### Exercise description
When you reproduce the data, keep every word exactly as it stands and leave the pictures out.

### Items from a dataset
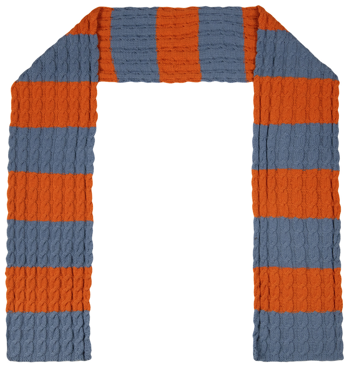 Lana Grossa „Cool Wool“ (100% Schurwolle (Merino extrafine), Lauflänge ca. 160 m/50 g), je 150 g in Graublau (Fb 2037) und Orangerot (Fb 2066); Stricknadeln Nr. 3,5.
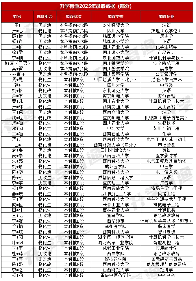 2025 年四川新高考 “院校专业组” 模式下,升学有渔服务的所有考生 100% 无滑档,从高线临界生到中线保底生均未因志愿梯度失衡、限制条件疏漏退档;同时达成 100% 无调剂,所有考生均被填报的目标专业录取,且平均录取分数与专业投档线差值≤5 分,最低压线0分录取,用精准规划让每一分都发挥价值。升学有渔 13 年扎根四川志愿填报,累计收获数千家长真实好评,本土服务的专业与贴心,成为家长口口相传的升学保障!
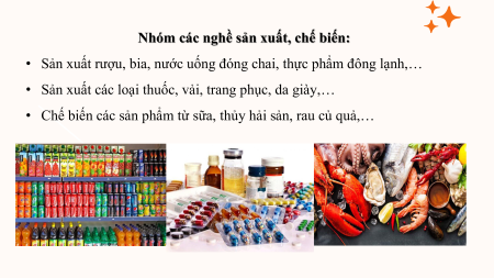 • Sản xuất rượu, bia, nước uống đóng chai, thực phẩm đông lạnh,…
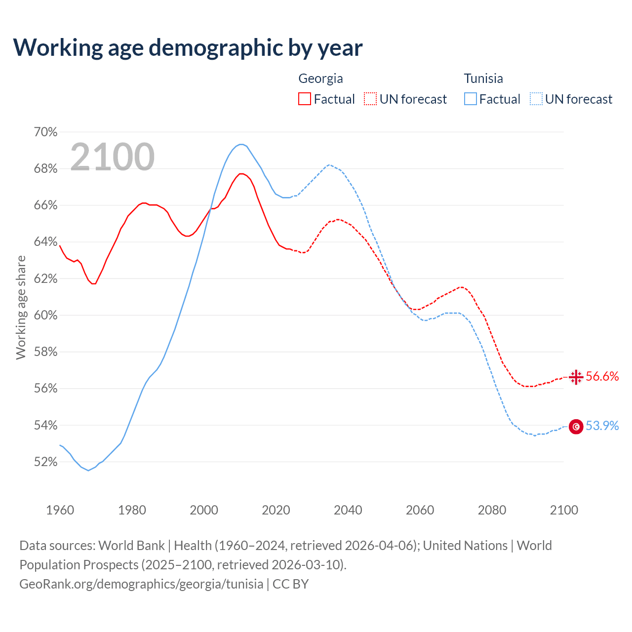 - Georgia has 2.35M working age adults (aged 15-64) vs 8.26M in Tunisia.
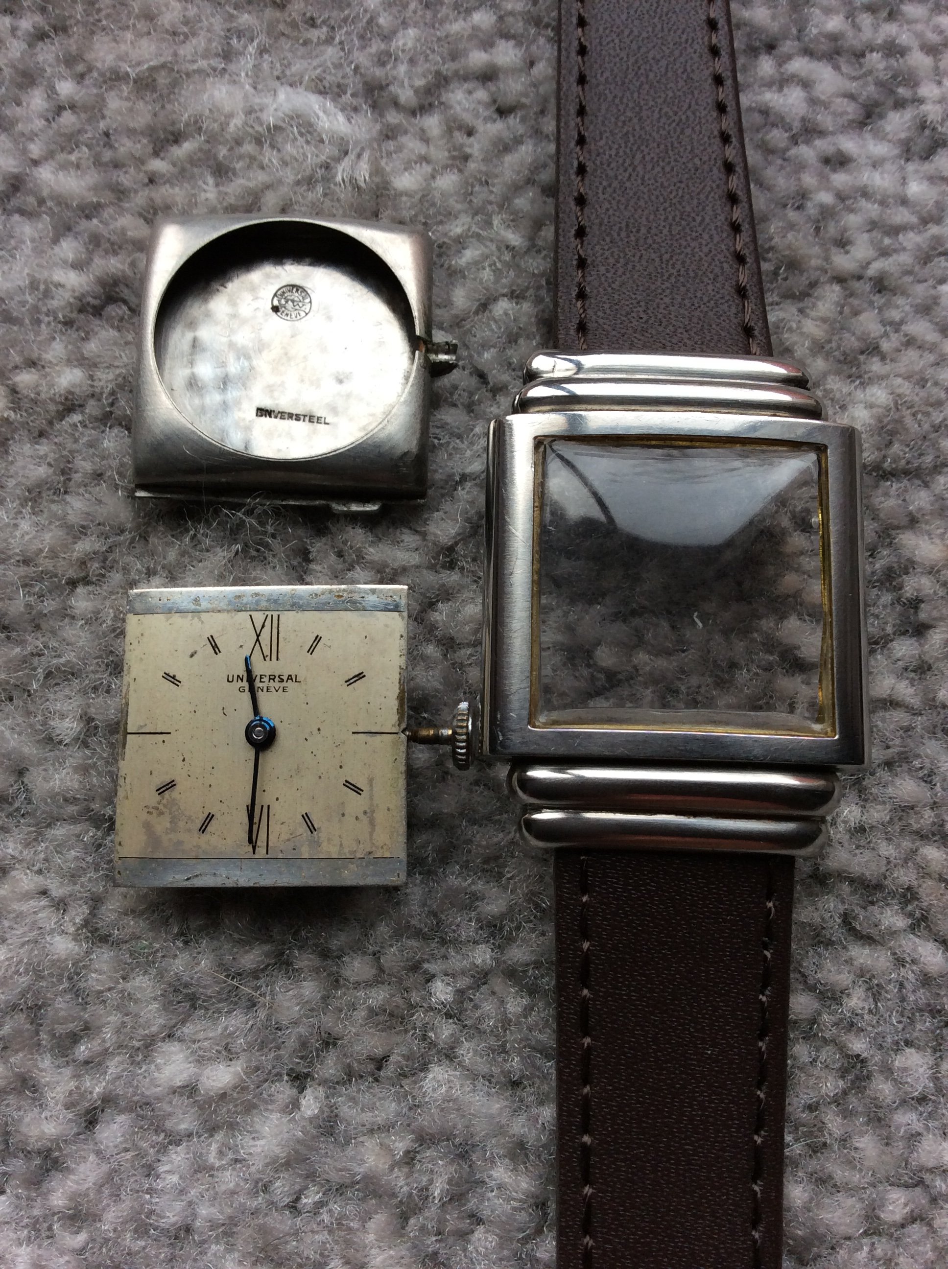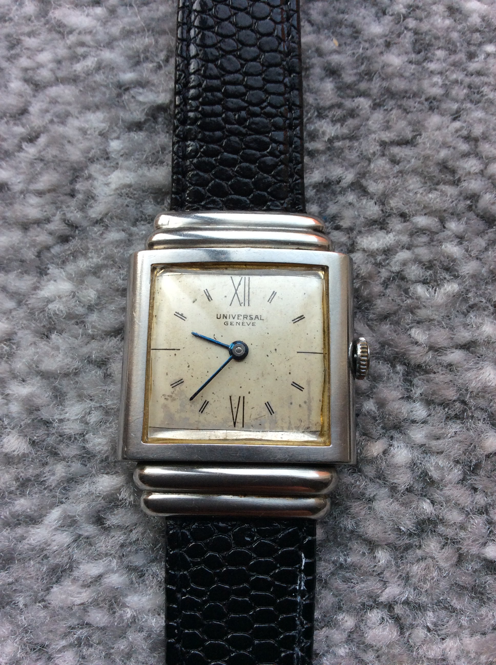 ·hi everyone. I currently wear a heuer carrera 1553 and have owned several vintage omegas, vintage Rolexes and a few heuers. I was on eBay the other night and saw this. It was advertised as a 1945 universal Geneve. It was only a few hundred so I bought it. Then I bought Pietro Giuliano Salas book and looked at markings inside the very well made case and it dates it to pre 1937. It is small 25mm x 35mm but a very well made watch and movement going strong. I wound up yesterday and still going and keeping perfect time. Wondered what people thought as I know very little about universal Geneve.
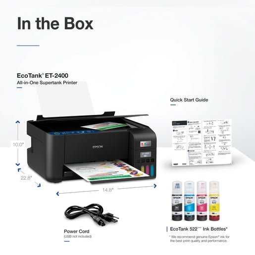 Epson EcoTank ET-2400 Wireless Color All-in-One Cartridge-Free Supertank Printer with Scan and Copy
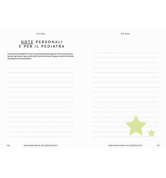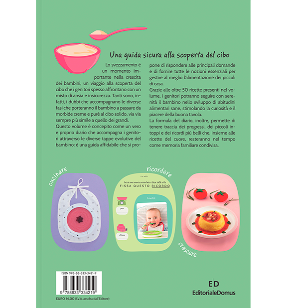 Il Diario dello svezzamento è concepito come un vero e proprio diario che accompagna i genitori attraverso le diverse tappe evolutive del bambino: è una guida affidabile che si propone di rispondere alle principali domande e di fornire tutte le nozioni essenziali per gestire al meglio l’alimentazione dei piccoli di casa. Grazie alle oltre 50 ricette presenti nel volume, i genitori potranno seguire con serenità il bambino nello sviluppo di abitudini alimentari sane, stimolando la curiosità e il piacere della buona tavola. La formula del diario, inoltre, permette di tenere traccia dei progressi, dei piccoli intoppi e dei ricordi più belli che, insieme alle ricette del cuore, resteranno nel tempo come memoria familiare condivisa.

### Result for this exercise
 Lana Grossa „Cool Wool“ (100% Schurwolle (Merino extrafine), Lauflänge ca. 160 m/50 g), je 150 g in Graublau (Fb 2037) und Orangerot (Fb 2066); Stricknadeln Nr. 3,5.
 2025 年四川新高考 “院校专业组” 模式下,升学有渔服务的所有考生 100% 无滑档,从高线临界生到中线保底生均未因志愿梯度失衡、限制条件疏漏退档;同时达成 100% 无调剂,所有考生均被填报的目标专业录取,且平均录取分数与专业投档线差值≤5 分,最低压线0分录取,用精准规划让每一分都发挥价值。升学有渔 13 年扎根四川志愿填报,累计收获数千家长真实好评,本土服务的专业与贴心,成为家长口口相传的升学保障!
 • Sản xuất rượu, bia, nước uống đóng chai, thực phẩm đông lạnh,…
 - Georgia has 2.35M working age adults (aged 15-64) vs 8.26M in Tunisia.
 ·hi everyone. I currently wear a heuer carrera 1553 and have owned several vintage omegas, vintage Rolexes and a few heuers. I was on eBay the other night and saw this. It was advertised as a 1945 universal Geneve. It was only a few hundred so I bought it. Then I bought Pietro Giuliano Salas book and looked at markings inside the very well made case and it dates it to pre 1937. It is small 25mm x 35mm but a very well made watch and movement going strong. I wound up yesterday and still going and keeping perfect time. Wondered what people thought as I know very little about universal Geneve.
 Epson EcoTank ET-2400 Wireless Color All-in-One Cartridge-Free Supertank Printer with Scan and Copy
 Il Diario dello svezzamento è concepito come un vero e proprio diario che accompagna i genitori attraverso le diverse tappe evolutive del bambino: è una guida affidabile che si propone di rispondere alle principali domande e di fornire tutte le nozioni essenziali per gestire al meglio l’alimentazione dei piccoli di casa. Grazie alle oltre 50 ricette presenti nel volume, i genitori potranno seguire con serenità il bambino nello sviluppo di abitudini alimentari sane, stimolando la curiosità e il piacere della buona tavola. La formula del diario, inoltre, permette di tenere traccia dei progressi, dei piccoli intoppi e dei ricordi più belli che, insieme alle ricette del cuore, resteranno nel tempo come memoria familiare condivisa.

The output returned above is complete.